Chef Grills Steak, Volcano-Style, With Molten Lava
What happens when a chef, a sculptor and a geologist team up for a culinary stunt? You get a molten lava barbecue.
"Cooking with lava is simply the most spectacular way to grill a 10-ounce rib-eye steak," says chef Sam Bompas, a member of the London-based culinary design duo that spearheaded the stunt.
Bompas first tried cooking with lava on a trip to Sakurajima, an active volcano in Japan. A self-proclaimed "architectural foodsmith" with a long resume of experimentation, Bompas didn't hesitate to jump a fence to try roasting marshmallows over a stream of flowing lava.
The experience was so intense that he wanted to share it with others. But he couldn't bring people to the volcano – so he looked for a way to bring the volcano to the people.
"We found there is one man in the world who can make synthetic lava," says Bompas, "and we called him up."
Actually, there are two: sculptor Robert Wysocki and geologist Jeffrey Karson of Syracuse University. They have constructed their own in Syracuse — a furnace that takes 1.1 billion-year-old basaltic rock and heats it up to 3,000 degrees Fahrenheit, the temperature at which it turns molten.
"It's not unlike the Crock-Pot that's on your counter," says Wysocki, since the furnace has an metal containment vessel on the outside with an inner crucible that withstands high heat. But their "Crock-Pot" is about the size of a car.
Wysocki, Karson and volcanologists use the furnace to study lava flows; it's a far safer environment for this kind of research than the side of a volcano. But they were intrigued by Bompas and Parr's idea to use lava to cook food — in this case, steak, corn and marshmallows. On June 25, the team came together in Syracuse to make it happen.
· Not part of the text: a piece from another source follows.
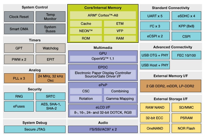 The i.MX508 processor is the first system-on-chip (SoC) designed specifically for eReaders that incorporates a high performance 800MHz Arm® Cortex®-A8 processor and an integrated hardware Electronic Paper Display (EPD) Controller certified by E Ink® to drive the latest and next generation Pearl™ panels. The i.MX508 enables reduced system cost, longer battery life and higher performance for faster page flips and a better reading experience.

The fanciest professional ovens only go up to about 750 degrees Fahrenheit, Bompas says, but lava comes out of the furnace at a scorching 2,000 degrees Fahrenheit.
"It is the heat that most chefs dream of," says Bompas. "You are standing before this molten lava that flowing out, and it is beautiful."
With that kind of heat, the steak charred on the outside, while remaining a perfect medium-rare in the center. And Bompas says they didn't get any of the gases you'd get if you were cooking over an open gas, charcoal or wood flame altering the flavor.
Wysocki agrees: "It was the best steak I've ever had. It was just the flavor of that meat."
The downside? It takes 60 to 70 hours for the furnace to melt all that rock into lava. Once the lava cooled down a bit, they all roasted some marshmallows and enjoyed s'mores.
So does Bompas suggest we decamp to Hawaii to stage our own volcano cookouts?
"Only taking all precautions," he says. "Or call us up, we are ready to grill."
According to Bompas, they have devised a way to transport the five-ton artificial volcano to London. And they hope to soon launch a "lava banquet" service. All you need to book it is a month's lead time and a minimum of 500 guests, and then you too may be able to barbecue meat over molten rock. (They haven't listed the price for such a service, but we can only imagine it'll induce volcanic reactions.)